Urinary retention is an inability to completely empty the bladder. Onset can be sudden or gradual. When of sudden onset, symptoms include an inability to urinate and lower abdominal pain. When of gradual onset, symptoms may include loss of bladder control, mild lower abdominal pain, and a weak urine stream. Those with long-term problems are at risk of urinary tract infections.

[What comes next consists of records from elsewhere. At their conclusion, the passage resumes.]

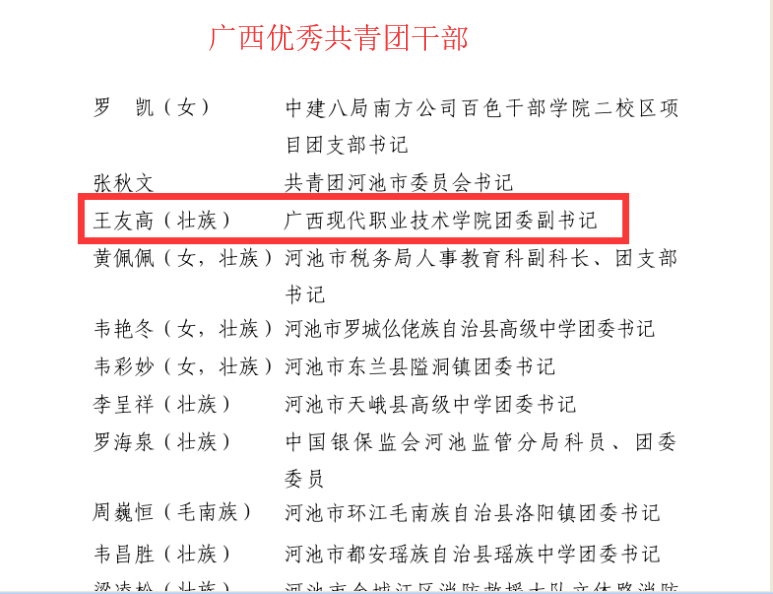 2019年,我系团建工作成效显著。在刚发布的《广西共青团 广西青年联合会关于表彰广西共青团先进个人和先进集体的决定》(桂青联发〔2020〕4 号)文件中,机电工程系党总支荣获“广西五四红旗团总支”荣誉称号;我系班主任、团委王友高副书记荣获“广西优秀共青团干部”荣誉称号;我系18机器人衔接2班苏梁倩同学荣获“广西优秀共青团员”荣誉称号。热烈祝贺获奖的集体和个人!希望受表彰的集体和个人,珍惜荣誉,再接再厉,再创佳绩。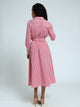 Long Sleeve Asymmetric Stripe Poplin Shirt Dress - White/Red
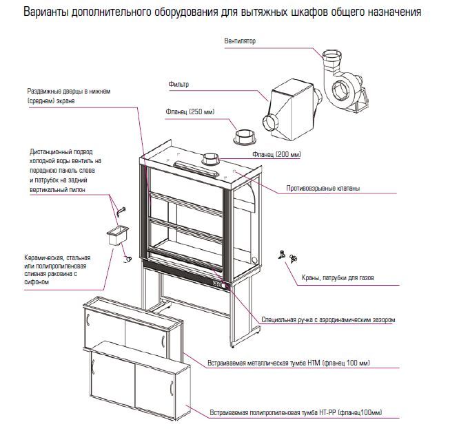 Варианты дополнительного оборудования для вытяжных шкафов общего назначения.

Causes include blockage of the urethra, nerve problems, certain medications, and weak bladder muscles. Blockage can be caused by benign prostatic hyperplasia (BPH), urethral strictures, bladder stones, a cystocele, constipation, or tumors. Nerve problems can occur from diabetes, trauma, spinal cord problems, stroke, or heavy metal poisoning. Medications that can cause problems include anticholinergics, antihistamines, tricyclic antidepressants, cyclobenzaprine, diazepam, nonsteroidal anti-inflammatory drugs (NSAID), amphetamines, and opioids. Diagnosis is typically based on measuring the amount of urine in the bladder after urinating.

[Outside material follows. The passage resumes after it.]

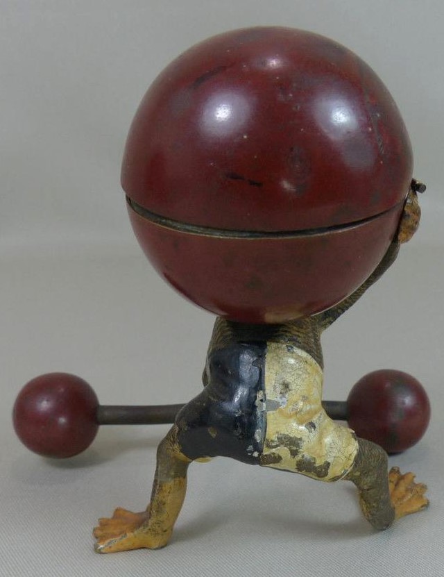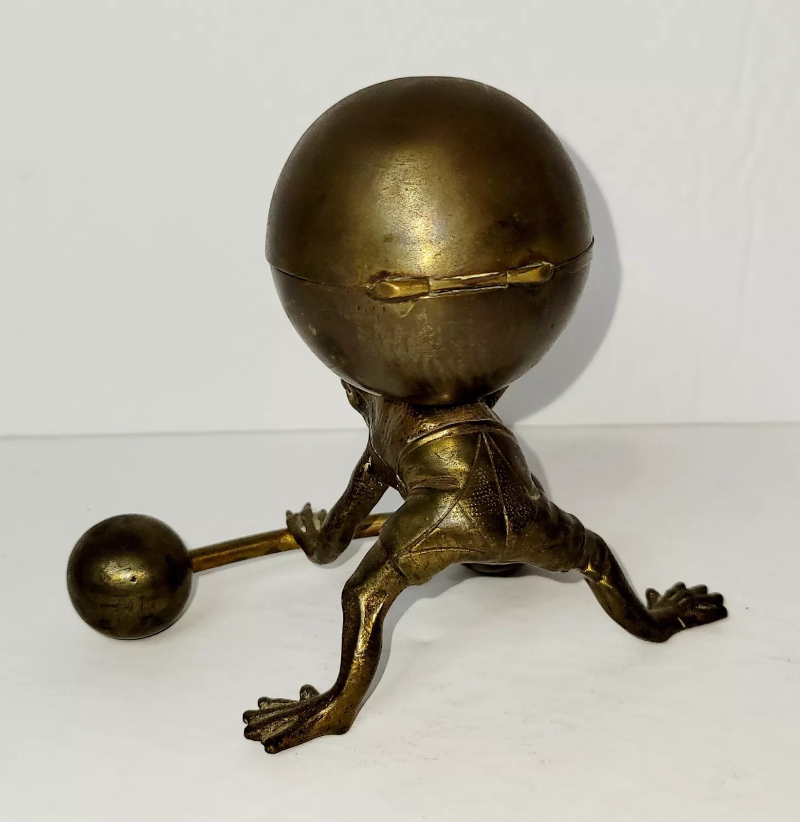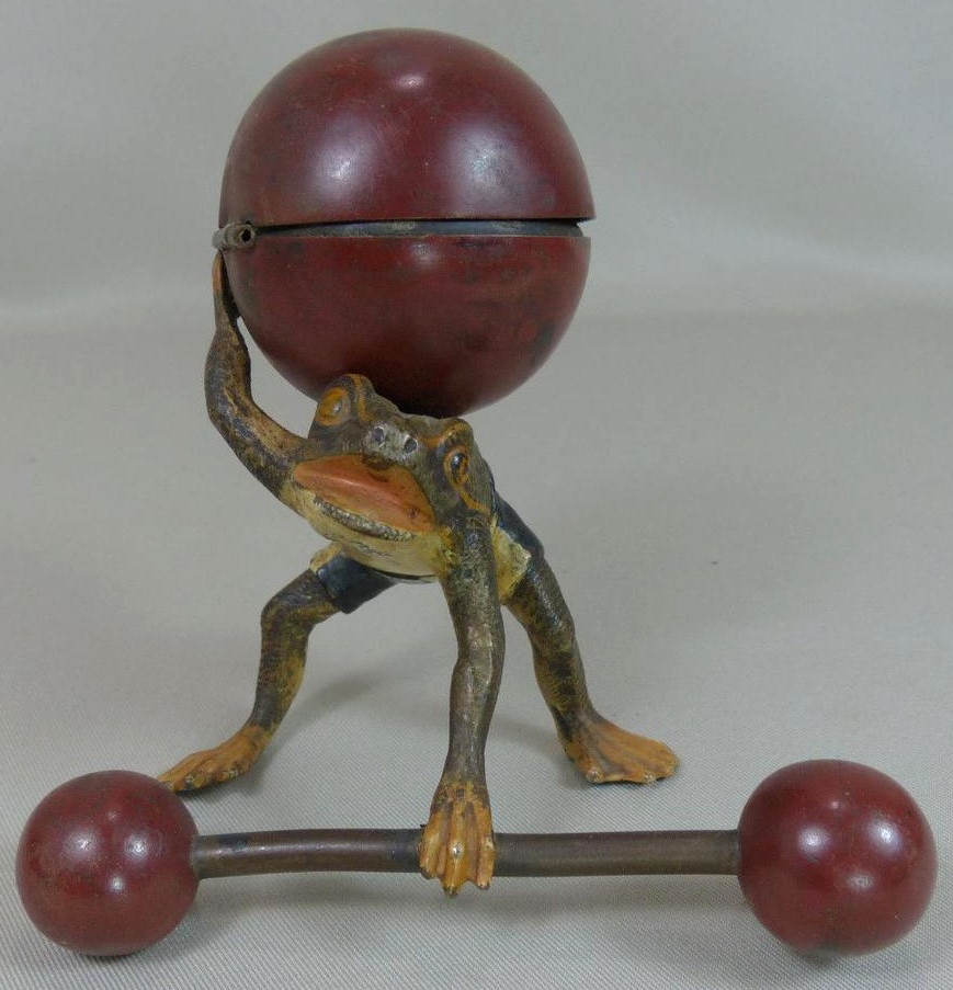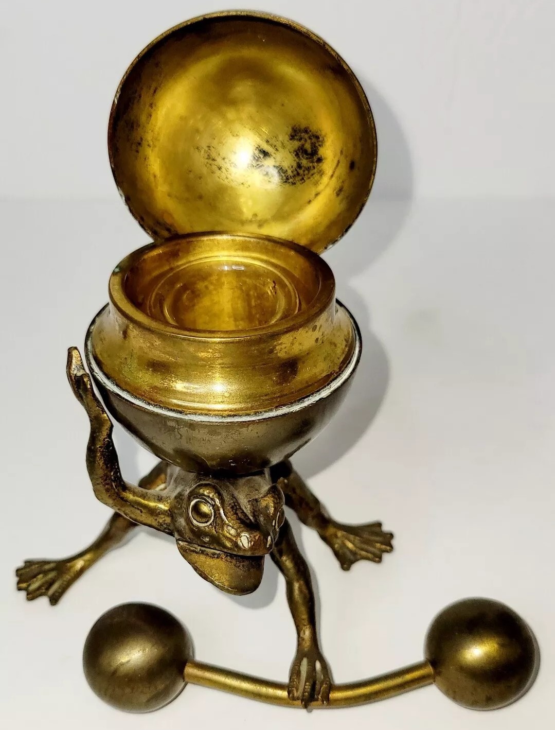 This Vienna bronze inkwell features a circus frog balancing a spherical inkwell with hinged lid on his back while his left front foot is holding a dumbbell.

Treatment is typically with a catheter either through the urethra or lower abdomen. Other treatments may include medication to decrease the size of the prostate, urethral dilation, a urethral stent, or surgery. Males are more often affected than females. In males over the age of 40 about 6 per 1,000 are affected a year. Among males over 80 this increases 30%.

Signs and symptoms 
Onset can be sudden or gradual. When the onset is sudden, symptoms include an inability to urinate and lower abdominal pain. When of gradual onset, symptoms may include loss of bladder control, mild lower abdominal pain, and a weak urine stream. Those with long-term problems are at risk of urinary tract infections.

Causes

Bladder
 Infection
 Detrusor sphincter dyssynergia
 Neurogenic bladder (commonly spinal cord damage, pelvic splanchic nerve damage, cauda equina syndrome,  pontine micturition or storage center lesions, demyelinating diseases or Parkinson's disease)
 Iatrogenic (caused by medical treatment/procedure) scarring of the bladder neck (commonly from removal of indwelling catheters or cystoscopy operations)
 Damage to the bladder

Prostate
 Benign prostatic hyperplasia (BPH)
 Prostate cancer and other pelvic malignancies
 Prostatitis

Penile urethra
 Congenital urethral valves
 Phimosis or pinhole meatus
 Circumcision
 Obstruction in the urethra, for example a stricture (usually caused either by injury or STD), a metastasis or a precipitated pseudogout crystal in the urine
 Pseudodyssynergia
 STD lesions (gonorrhoea causes numerous strictures, leading to a "rosary bead" appearance, whereas chlamydia usually causes a single stricture)
 Emasculation

Postoperative
Risk factors include
 Age: Older people may have degeneration of neural pathways involved with bladder function and it can lead to an increased risk of postoperative urinary retention. The risk of postoperative urinary retention increases up to 2.11 fold for people older than 60 years.
 Medications: Anticholinergics and medications with anticholinergic properties, alpha-adrenergic agonists, opiates, nonsteroidal anti-inflammatories (NSAIDs), calcium-channel blockers and beta-adrenergic agonists, may increase the risk.
 Anesthesia: General anesthetics during surgery may cause bladder atony by acting as a smooth muscle relaxant. General anesthetics can directly interfere with autonomic regulation of detrusor tone and predispose people to bladder overdistention and subsequent retention. Spinal anesthesia results in a blockade of the micturition reflex. Spinal anesthesia shows a higher risk of postoperative urinary retention compared to general anesthesia.
 Benign prostatic hyperplasia: Men with benign prostatic hyperplasia are at an increased risk of acute urinary retention.
 Surgery related: Operative times longer than 2 hours may lead to an increased risk of postoperative urinary retention 3-fold.
 Postoperative pain.

Chronic
Chronic urinary retention that is due to bladder blockage which can either be as a result of muscle damage or neurological damage. If the retention is due to neurological damage, there is a disconnect between the brain to muscle communication, which can make it impossible to completely empty the bladder. If the retention is due to muscle damage, it is likely that the muscles are not able to contract enough to completely empty the bladder.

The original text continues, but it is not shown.